Semantic Web Technology: Leaning on Obstacles

By Ericka Chickowski  |  Posted 2008-08-05 Email Print this article Print
 
 
 
 
 
 
 

The future of data management, integration and search could lie in semantic web technology. Baseline is arming readers with information on semantics technology by examining the niche, the opportunities and challenges it may present to business leaders, IT management and end users in the next few years.

Leaning on Ontologies

Semantic technology finds better ways of indexing contextually by creating what Moulton calls a “hierarchy of terminology,” which semantics experts call an ontology. “You’ve probably heard of taxonomies, which are just tree-structures of language. An ontology takes it to another level, rather than just having two dimensions─broader and narrower─you have an unlimited number of dimensions of how words or charts are related to each other,” Moulton explains. “I can say a steering wheel is a part of a car, a wheel is a part of a car, and an engine is a part of a car, [but] a carburetor is a part of an engine. That is a broader-narrower concept.
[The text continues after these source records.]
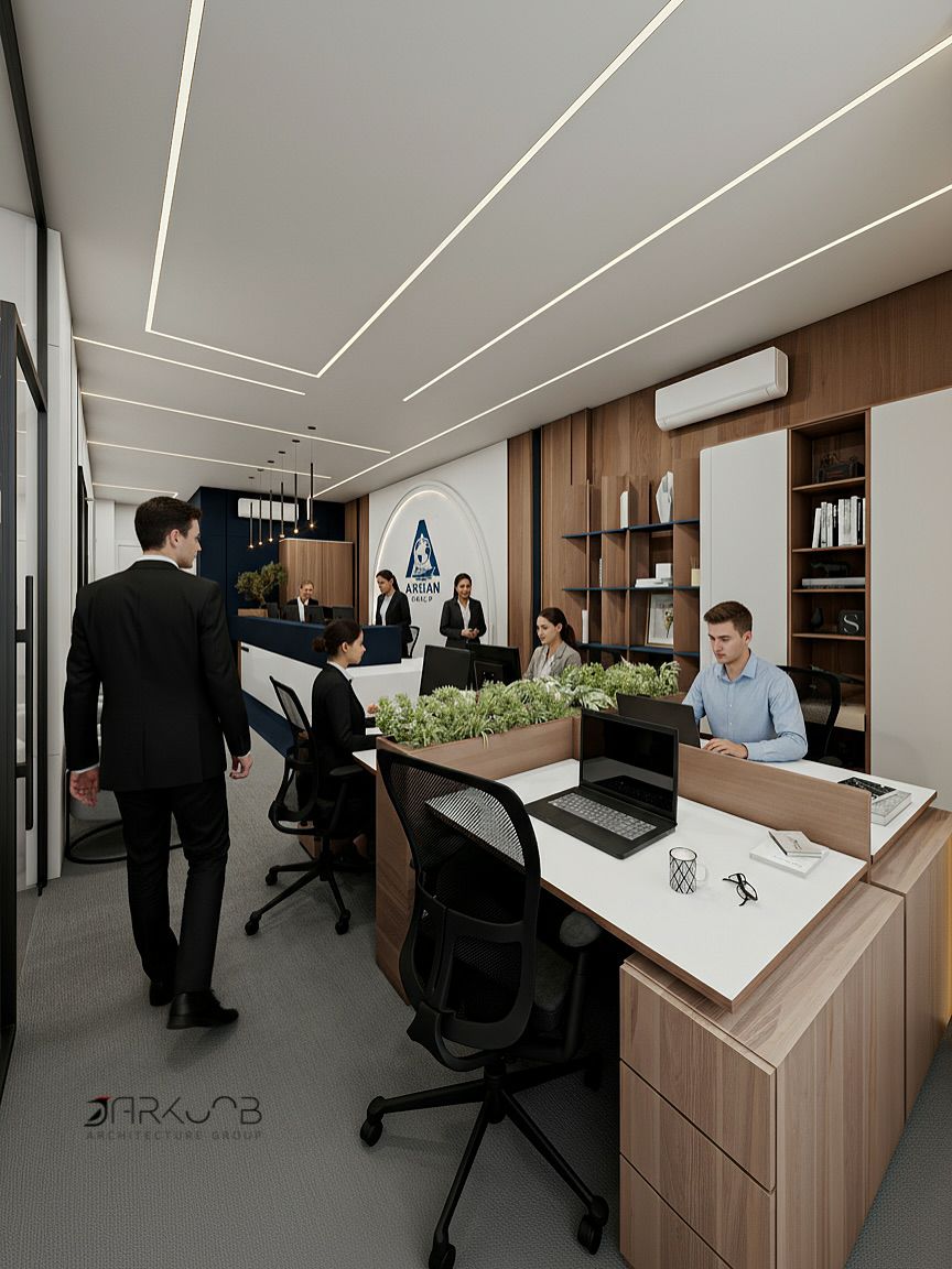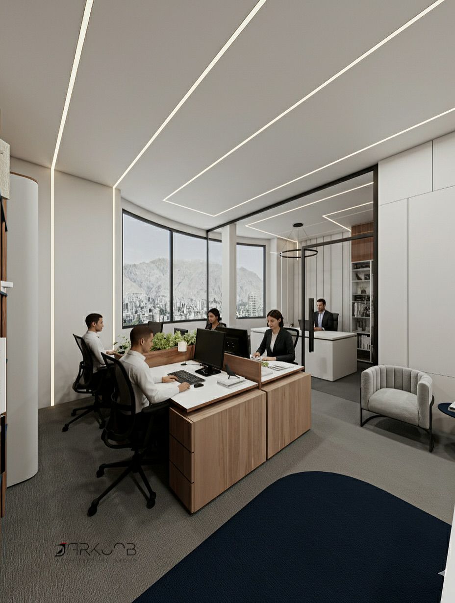 خطوط مینیمال و سقف پویا: طراحی مینیمال سقف و استفاده از خطوط تمیز و ساده، به فضا عمق بخشید و حس وسعت و نظم را تقویت کرد. این طراحی در پروژههای اداری مدرن، نقشی کلیدی در افزایش تمرکز دارد.
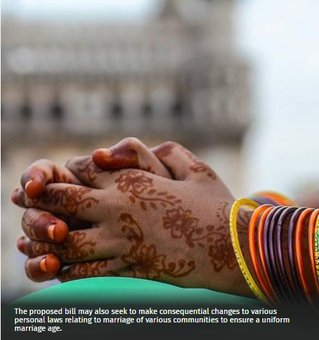The proposed Bill may also contain amendments to various personal laws relating to marriage of various communities to ensure a uniform age of marriage.
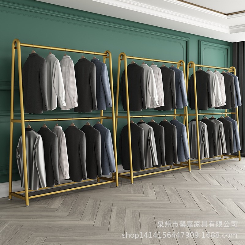 メーカー直販卸売り北欧金色鉄芸服装棚掛け服棚着地組合せ服装店展示棚

If you take it to another dimension and say engines are systems within cars that drive cars forward, and carburetors are one of the components of engines, now, you have a whole new layer of relationships between the words.”

Ontologies create a web of connections that can act as shorthand for the engine users employ to search quickly through information across data sources.

“We have quite a bit of interest from people who have lots of diverse content,” says Polikoff of TopQuadrant. “Let’s say you have a retailer with a catalog of many different items, ranging from refrigerators to carpets to electronics and so on. They need to be able to build this catalog and integrate other sources into it in a quick way. Ontologies can act less rigidly than data structures and this allows us to quickly build the model of their catalog and put data into the model and search quickly.”

This creates a new layer of metadata to make it easier to navigate through the information, Polikoff explains.

“The idea is that you have all these different data sources with different formats, and that’s a problem for people. So you have, let’s call it, the data-sources layer that exists in all kinds of organizations and enterprises,” she says. “This technology allows you to put a new layer on top of that. We can call it the semantic web layer that consists of certain kinds of models that allow one to map these different data sources to a common vocabulary. That gives you the power to provide very rich information spaces of many different sorts on which you can build many different applications.